掲載品は目立った破損が無いオリジナル品。金属部のみ目立つ錆びがあったため、錆を落とし再塗装を行った。







300発が入る金属製弾薬箱との比較。






未使用時は折り畳み可能。例えばタイガーⅠ戦車の場合、32ヶの弾薬袋を車内に搭載しているため使用後にコンパクト化できる恩恵は大きい。




弾薬収納袋は分厚いキャンバス生地で作られ十分な強度があり、繰り返しの使用にも耐える。










収納弾薬150発の重量4.5㎏を支える底部は革製で周囲はガッチリと厳重に縫い付けられている。ここは布製も確認できる。
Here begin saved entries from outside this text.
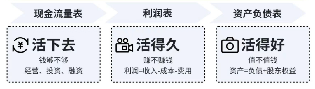 大家都知道財務三大表:資產負債表、利潤表、現金流量表: 錢有不有、夠不夠,看現金流量表,它是企業生存的底線,關系企業是否能活下去; 賺不賺錢,看利潤表,決定企業能否長久活下去; 而值不值錢,企業是不是有真金實貨,得看資產負債表,它將告訴人們企業活得好不好。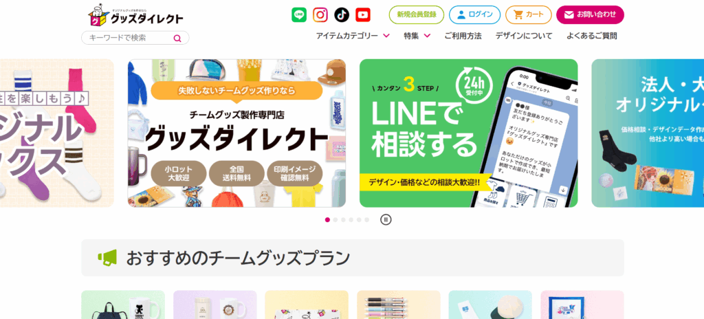 グッズダイレクトは、チームやサークル、団体向けのオリジナルグッズ制作を専門とするオンラインショップです。応援グッズやユニフォーム、記念品、イベント用グッズなど、チームの一体感を高めるアイテムを最小1個から全国送料無料で注文できます。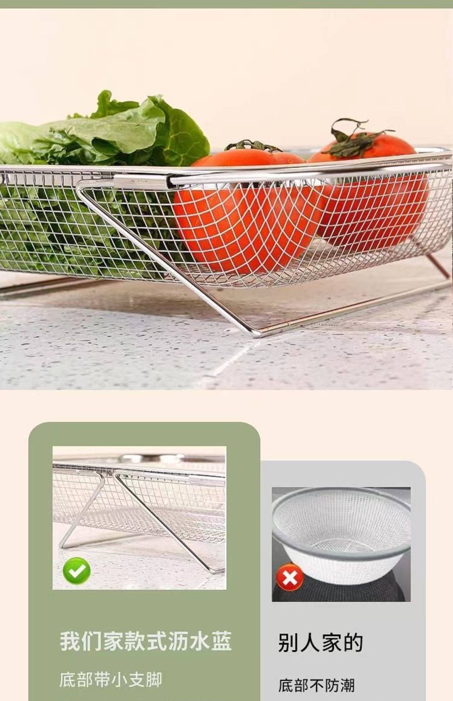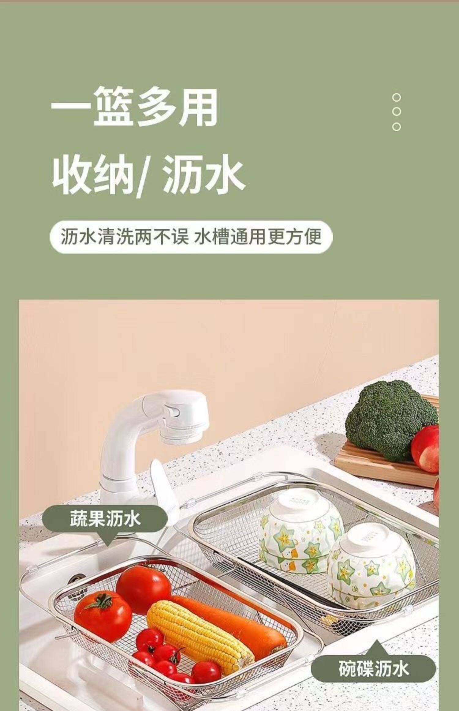 스테인레스 스틸 추출 가능한 배수 바구니 야채 분지 저장 랙 주방 요리 접시 드레인 랙 싱크 랙스토어 가기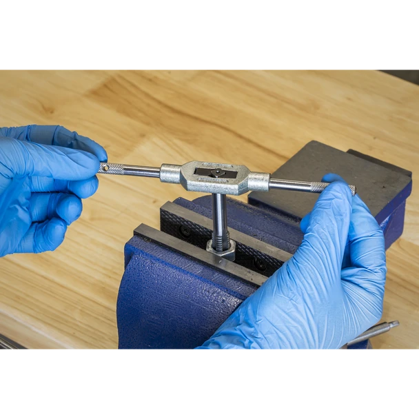 High carbon steel taps and dies. Dies with machined lead-ins for ease of use. Set includes one long handled adjustable tap wrench with professional type sliding jaw. Steel die holder with retention screw, suitable for dies from M3 up to M12. Also includes T-Bar type tap wrench, screwdriver and thread gauge. Supplied in storage case.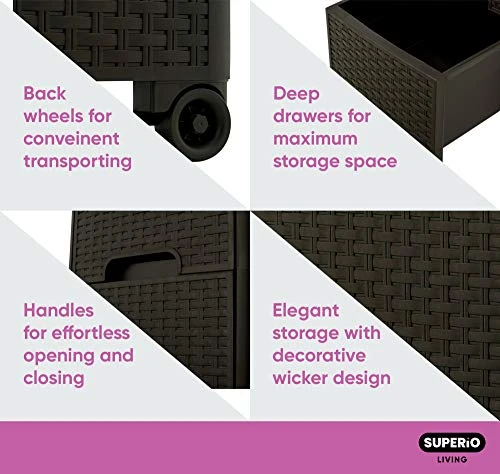 - TWO-WHEEL STORAGE: You get organization and storage on wheels! The wheels make it a simple task to slide and maneuver the entire organizer around the home.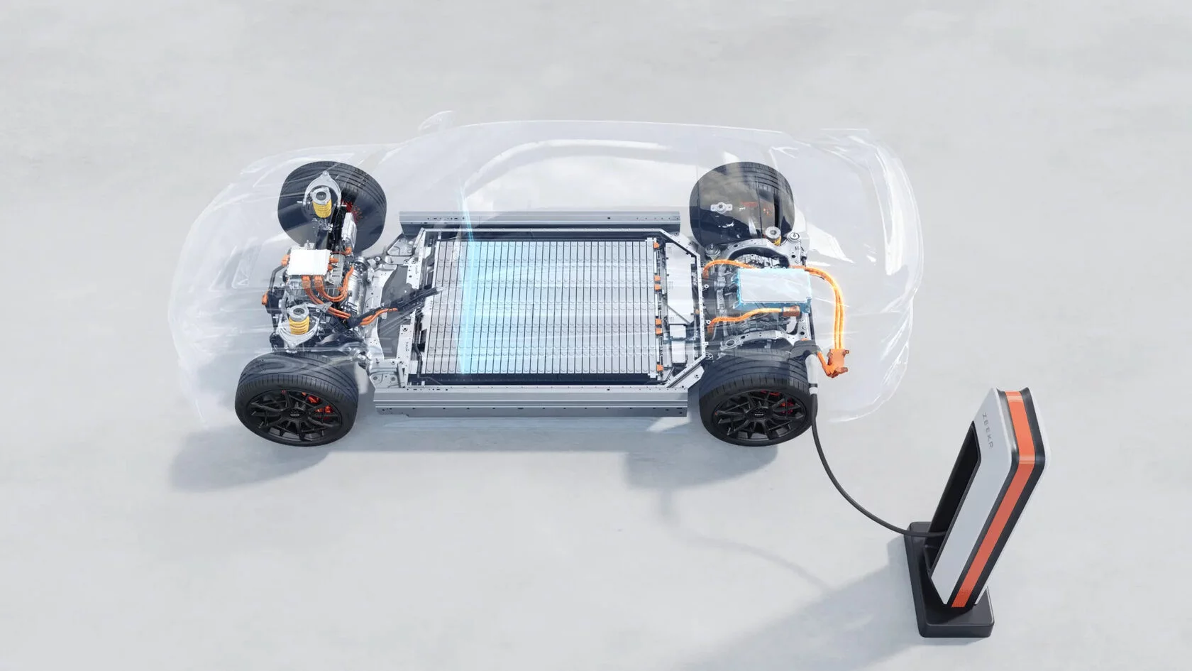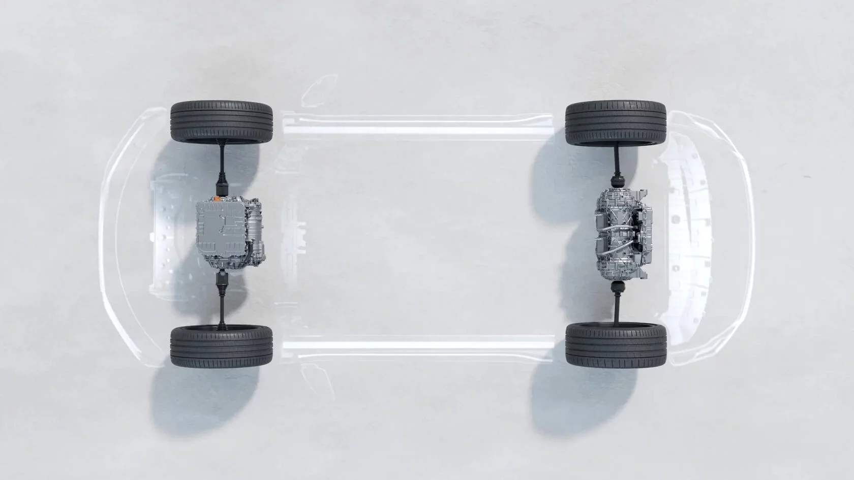 Ротор заднего двигателя покрыт углеродным волокном имеет максимальную скорость вращения 20 620 об/мин

底部の革表面にこの弾薬袋で唯一の刻印が確認できる。「gxy」のコードと「WaA706」のバッフェンアムトはドレスデンでホルスターなどの革製品を生産していたメーカー Gebruder Klinge を示し、1945年製。末期の生産品だが丁寧な作りで粗さは感じない。










側面に設けられた布製ベルトは運搬用の持ち手と思われる。